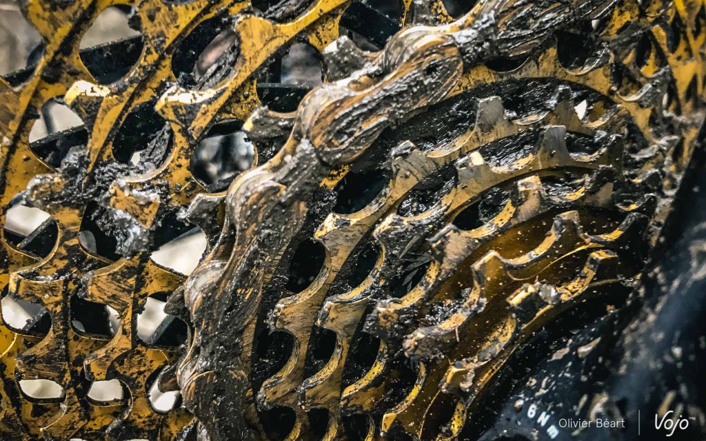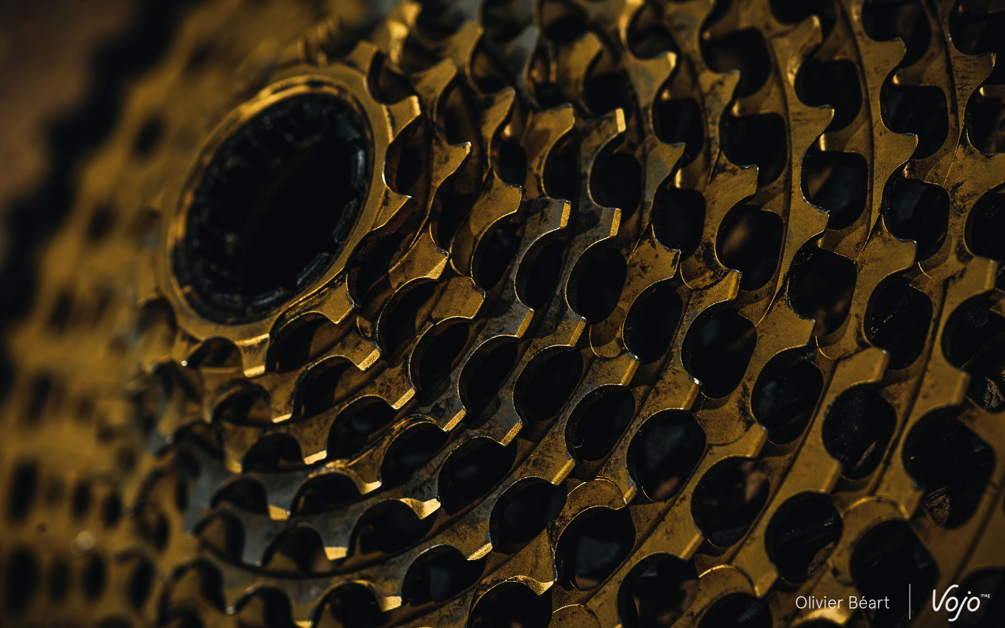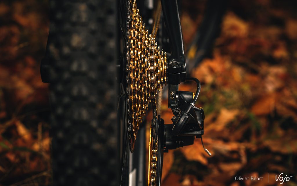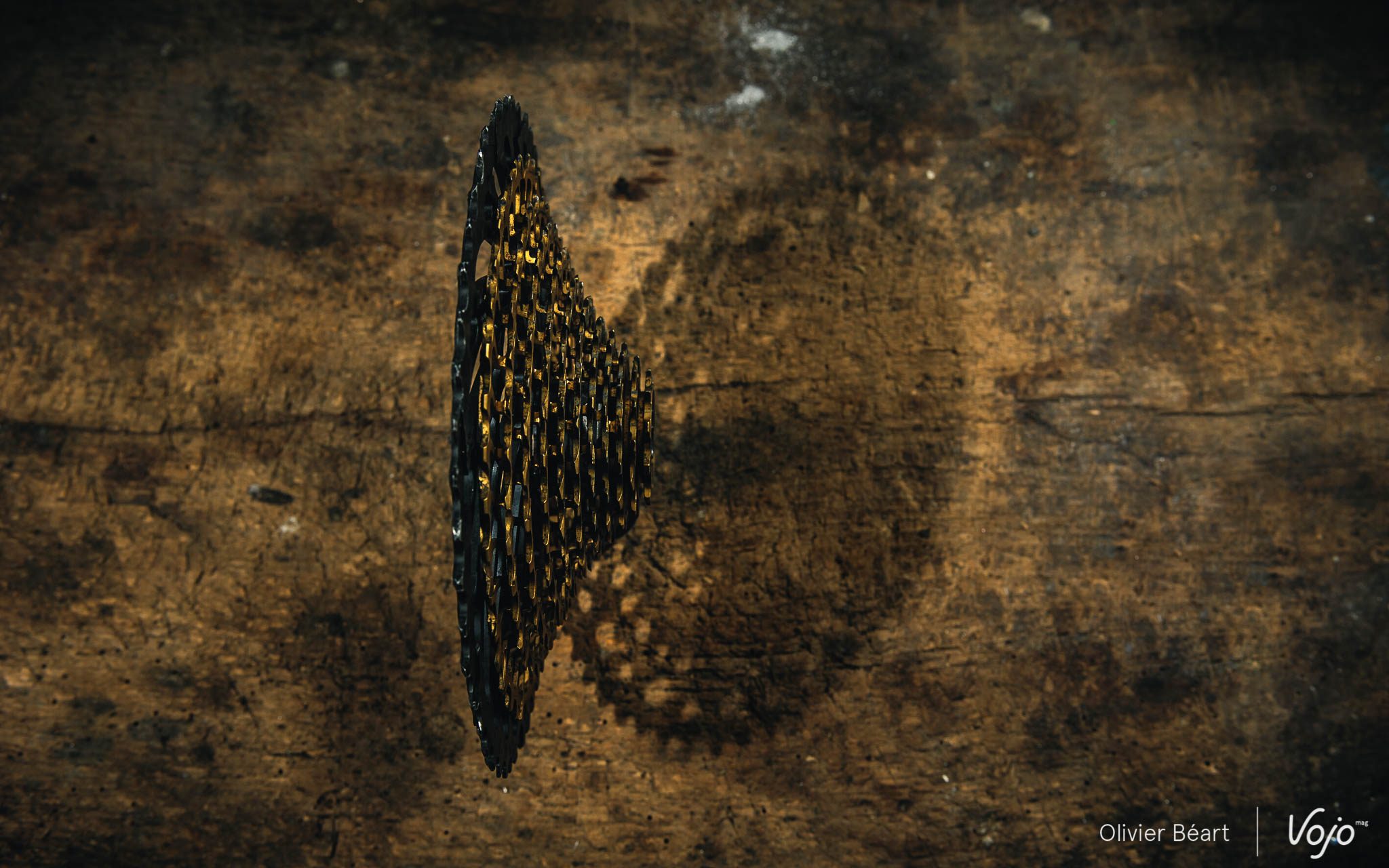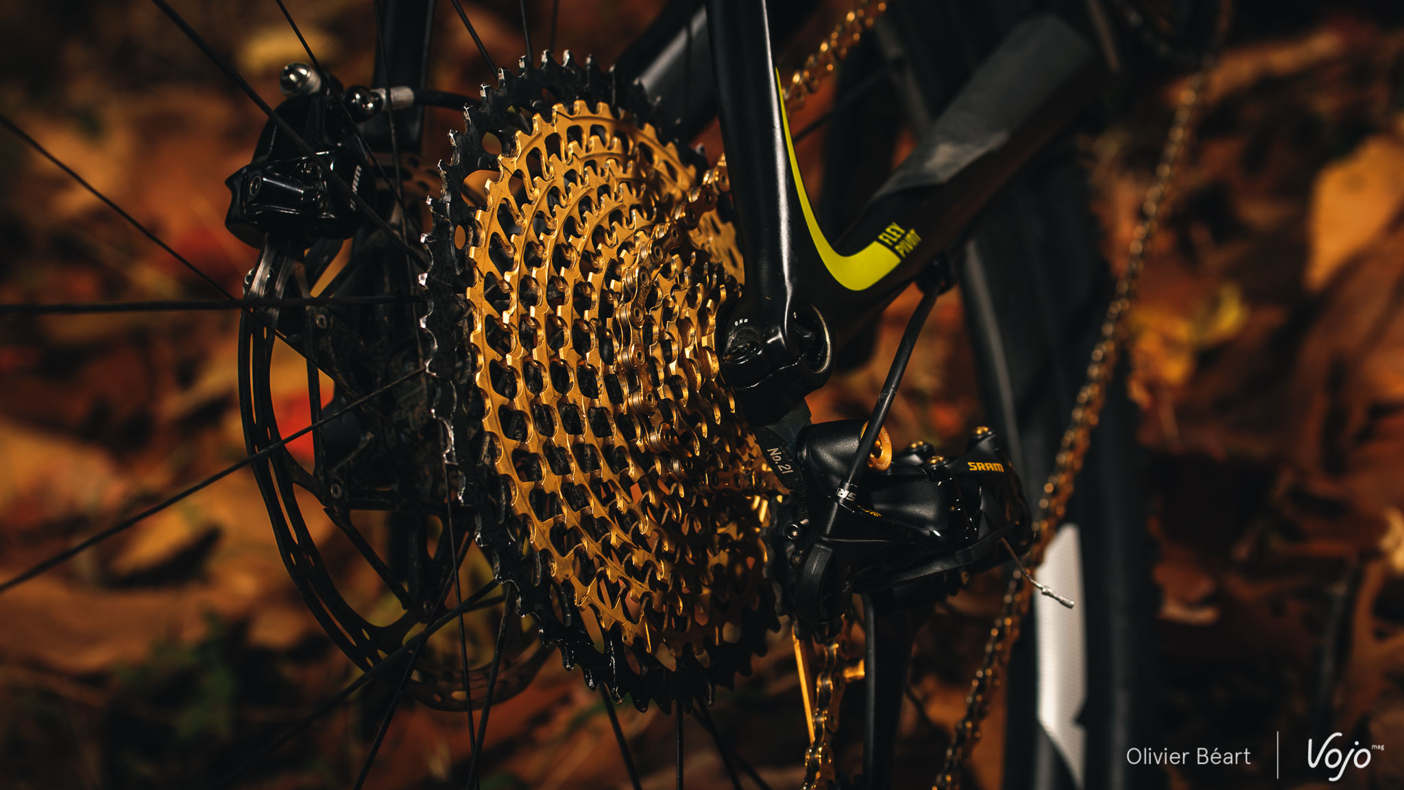 Lors de notre test longue durée du groupe Sram X1, et de nos très nombreux kilomètres avalés avec les cassettes 11 vitesses Sram, nous avons pu nous apercevoir de la très grande durabilité des cassettes de la marque. Néanmoins, sur le XX1 Eagle, nous nous sommes aperçus que le revêtement doré n’est pas inusable et l’acier nu est apparu sur les pignons les plus couramment utilisés après plusieurs sorties très boueuses. Cela dit, en dessous, le métal ne porte aucune marque d’usure et l’impact est avant tout esthétique. Mais à ce prix, cela fait tout de même un peu désordre.
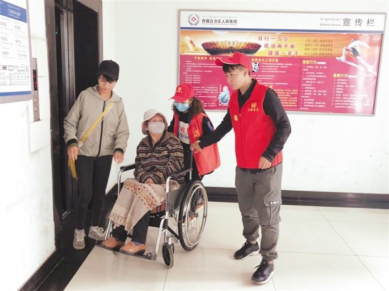 圖為在西藏自治區人民醫院,南京醫科大學的志愿者在服務患者。記者 央金 攝
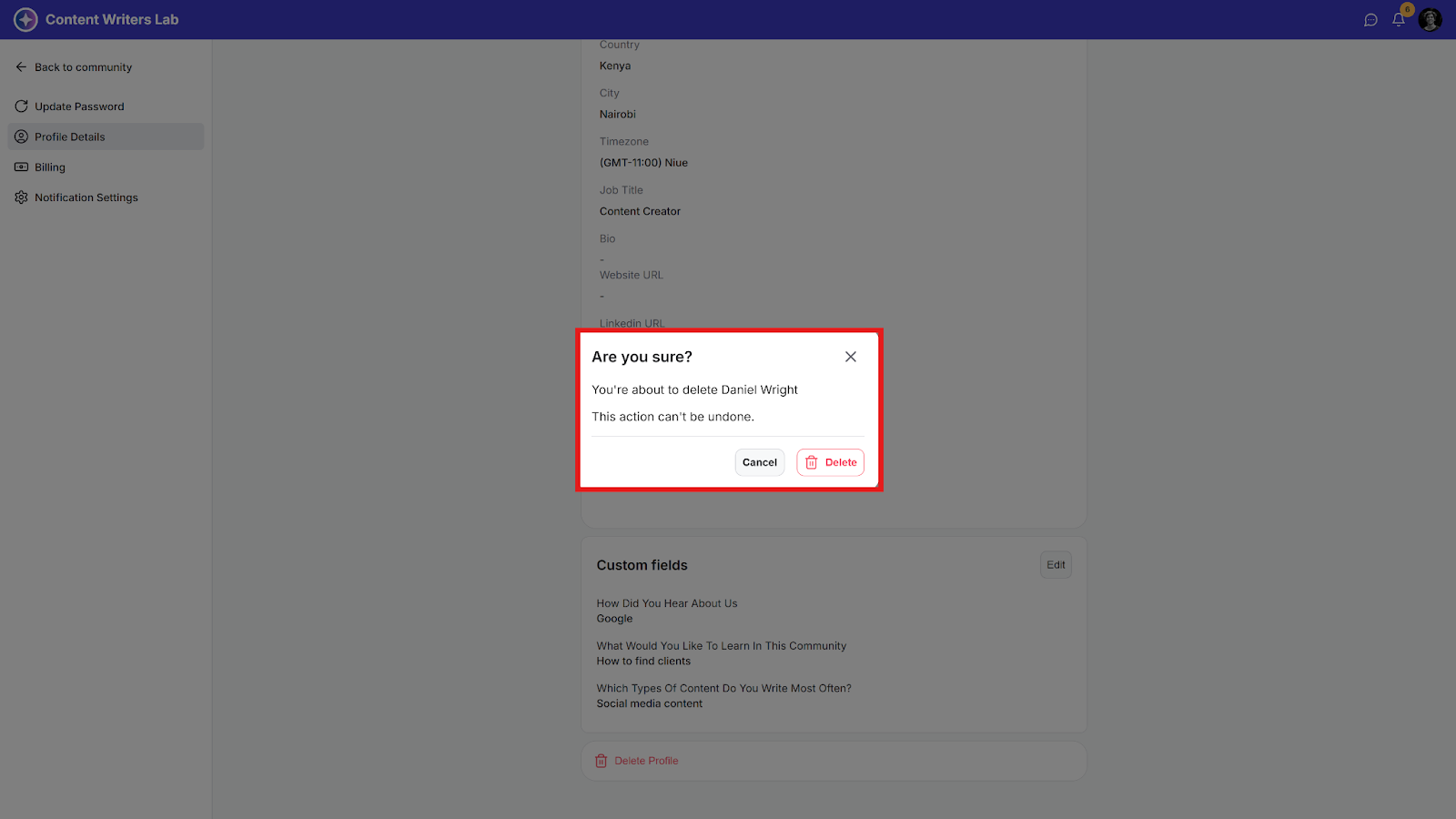 Note: You will be logged out after you delete your profile and will have to sign up again if you want to access the community as a member.a
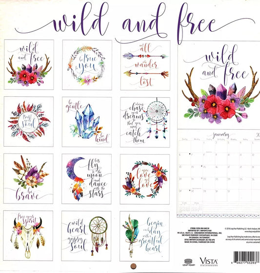 Vista 2019 Wild and Free - 16 Month Wall Calendar + 120 Reminder Stickers
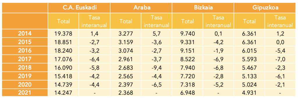 En los datos publicados por EUSTAT se aprecia una tasa de natalidad decreciente desde 2015, con tasas interanuales especialmente negativas en Bizkaia y Araba.
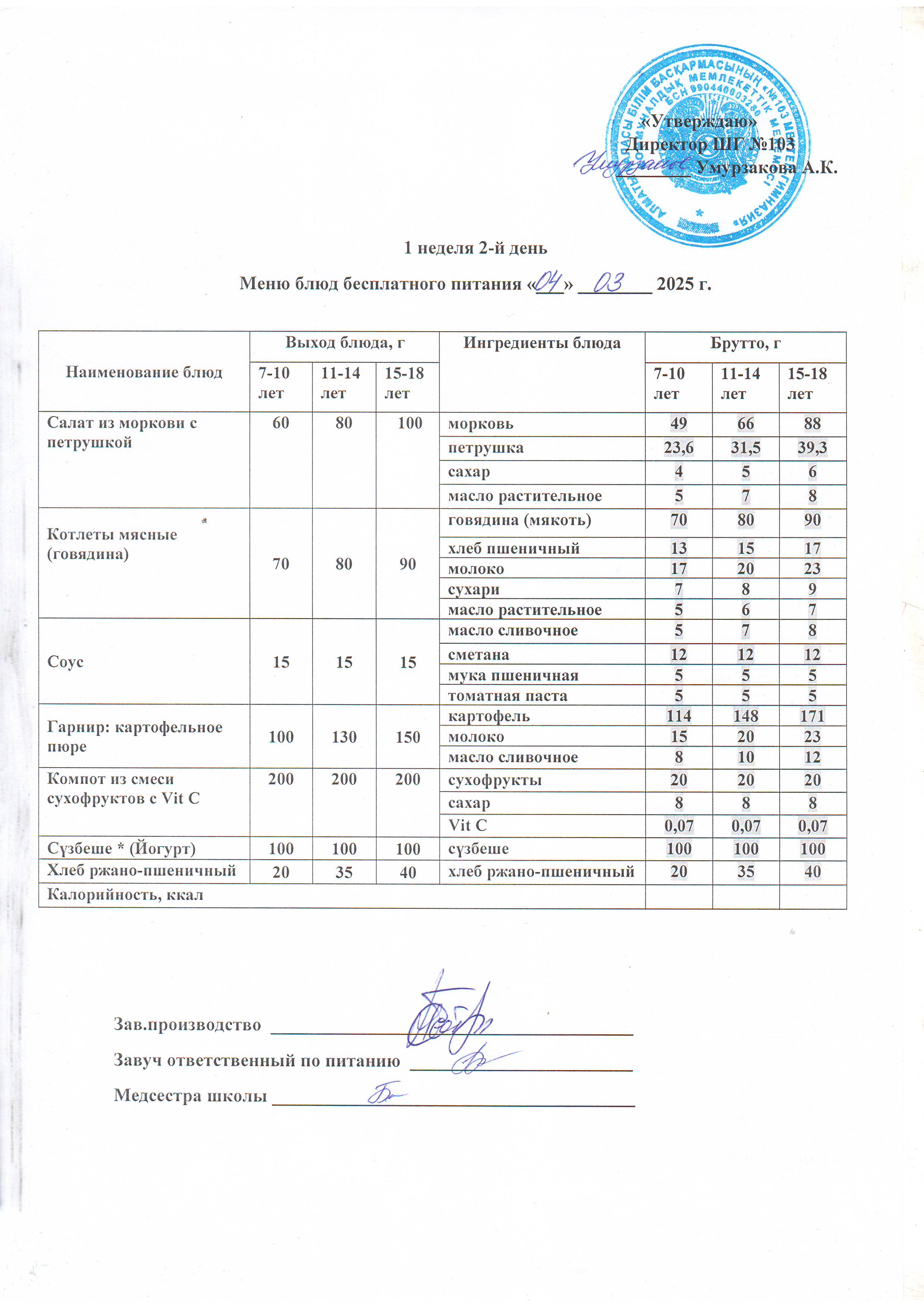 Сейсенбілік бақылау тамағы, ас мәзірі » КГУ "Школа-гимназия №103" Управления образования г.Алматы
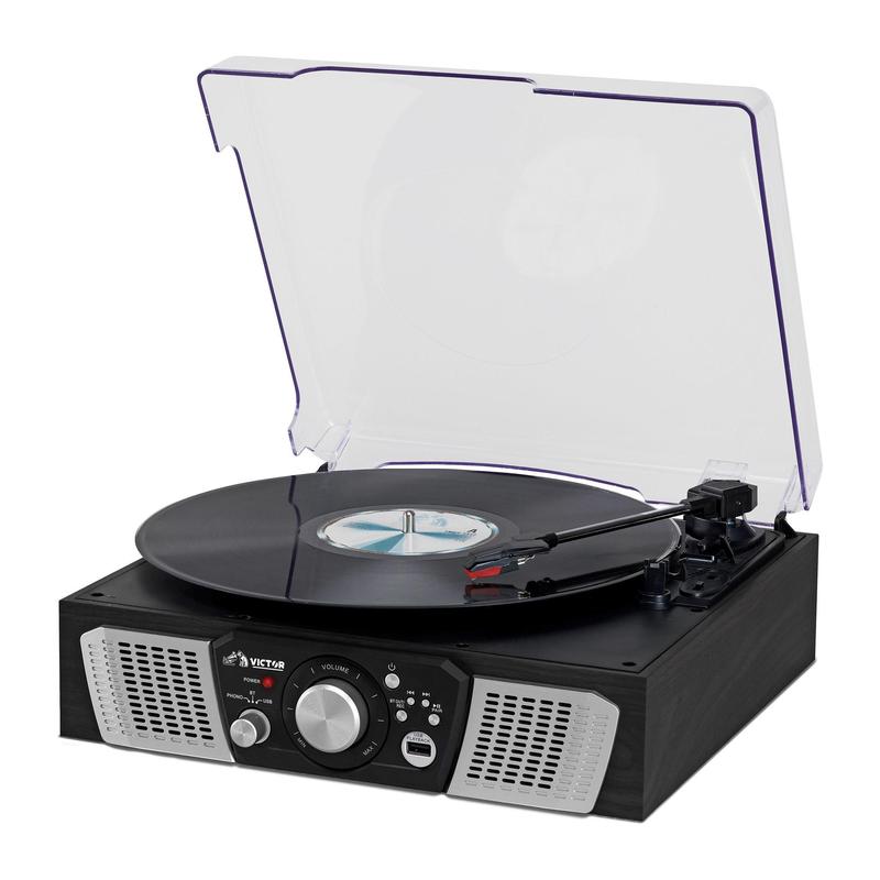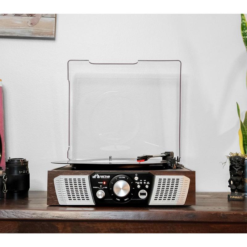 Remember the joy of spinning your favorite vinyl or cassette tapes? The Victor Lakeshore 5-in-1 Turntable System brings back those good vibes with modern convenience. Whether you're dusting off classic LPs or streaming today's hits via Bluetooth, this all-in-one music center has you covered. It plays vinyl records at three speeds—33-1/3, 45, and 78 RPM—plus CDs, cassette tapes, and FM radio with analog tuning. Built-in stereo speakers fill your room with rich sound, no extra equipment needed. Love digital? Use the USB port for easy one-touch recording and playback, so your favorite tunes are always at your fingertips. The compact design fits perfectly on your shelf or desk, weighing just under 5 pounds. Included are the turntable system, power cord, and manual to get you spinning right away. Ready to relive the classics or discover new favorites? Grab the Lakeshore and let the music play!
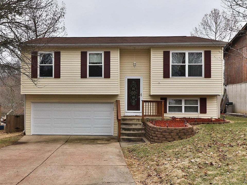 Welcome to this delightful, updated/well-maintained 4 Bedroom, 2 Bath home in the Seckman School District. As you enter up the split foyer you are invited into the open living room/dining room. Just off the dining is the open kitchen and access to the spacious deck, both great for entertaining family and friends. The fresh paint showcases all the newer 6 panel doors leading to the 3 upper level bedrooms and full bath. The lower level offers an additional family room/rec room, and another bedroom/den with bath. The 2-car garage comes with shelving for additional storage and a workbench great for projects. New garage door installed 2019. Also comes with an HMS Home Warranty.
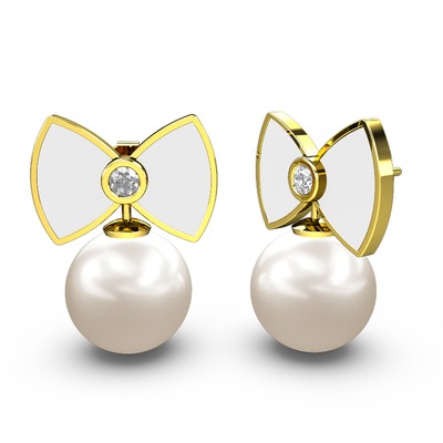 Inci ve pırlanta 8 ayar altın küpe (0.12 karat, beyaz mineli)

================================

▶ WORK REQUEST: Using the data above, write out every line exactly, leaving the images behind.

▶ EXERCISE ANSWER:
 Lors de notre test longue durée du groupe Sram X1, et de nos très nombreux kilomètres avalés avec les cassettes 11 vitesses Sram, nous avons pu nous apercevoir de la très grande durabilité des cassettes de la marque. Néanmoins, sur le XX1 Eagle, nous nous sommes aperçus que le revêtement doré n’est pas inusable et l’acier nu est apparu sur les pignons les plus couramment utilisés après plusieurs sorties très boueuses. Cela dit, en dessous, le métal ne porte aucune marque d’usure et l’impact est avant tout esthétique. Mais à ce prix, cela fait tout de même un peu désordre.
 圖為在西藏自治區人民醫院,南京醫科大學的志愿者在服務患者。記者 央金 攝
 Note: You will be logged out after you delete your profile and will have to sign up again if you want to access the community as a member.a
 Vista 2019 Wild and Free - 16 Month Wall Calendar + 120 Reminder Stickers
 En los datos publicados por EUSTAT se aprecia una tasa de natalidad decreciente desde 2015, con tasas interanuales especialmente negativas en Bizkaia y Araba.
 Сейсенбілік бақылау тамағы, ас мәзірі » КГУ "Школа-гимназия №103" Управления образования г.Алматы
 Remember the joy of spinning your favorite vinyl or cassette tapes? The Victor Lakeshore 5-in-1 Turntable System brings back those good vibes with modern convenience. Whether you're dusting off classic LPs or streaming today's hits via Bluetooth, this all-in-one music center has you covered. It plays vinyl records at three speeds—33-1/3, 45, and 78 RPM—plus CDs, cassette tapes, and FM radio with analog tuning. Built-in stereo speakers fill your room with rich sound, no extra equipment needed. Love digital? Use the USB port for easy one-touch recording and playback, so your favorite tunes are always at your fingertips. The compact design fits perfectly on your shelf or desk, weighing just under 5 pounds. Included are the turntable system, power cord, and manual to get you spinning right away. Ready to relive the classics or discover new favorites? Grab the Lakeshore and let the music play!
 Welcome to this delightful, updated/well-maintained 4 Bedroom, 2 Bath home in the Seckman School District. As you enter up the split foyer you are invited into the open living room/dining room. Just off the dining is the open kitchen and access to the spacious deck, both great for entertaining family and friends. The fresh paint showcases all the newer 6 panel doors leading to the 3 upper level bedrooms and full bath. The lower level offers an additional family room/rec room, and another bedroom/den with bath. The 2-car garage comes with shelving for additional storage and a workbench great for projects. New garage door installed 2019. Also comes with an HMS Home Warranty.
 Inci ve pırlanta 8 ayar altın küpe (0.12 karat, beyaz mineli)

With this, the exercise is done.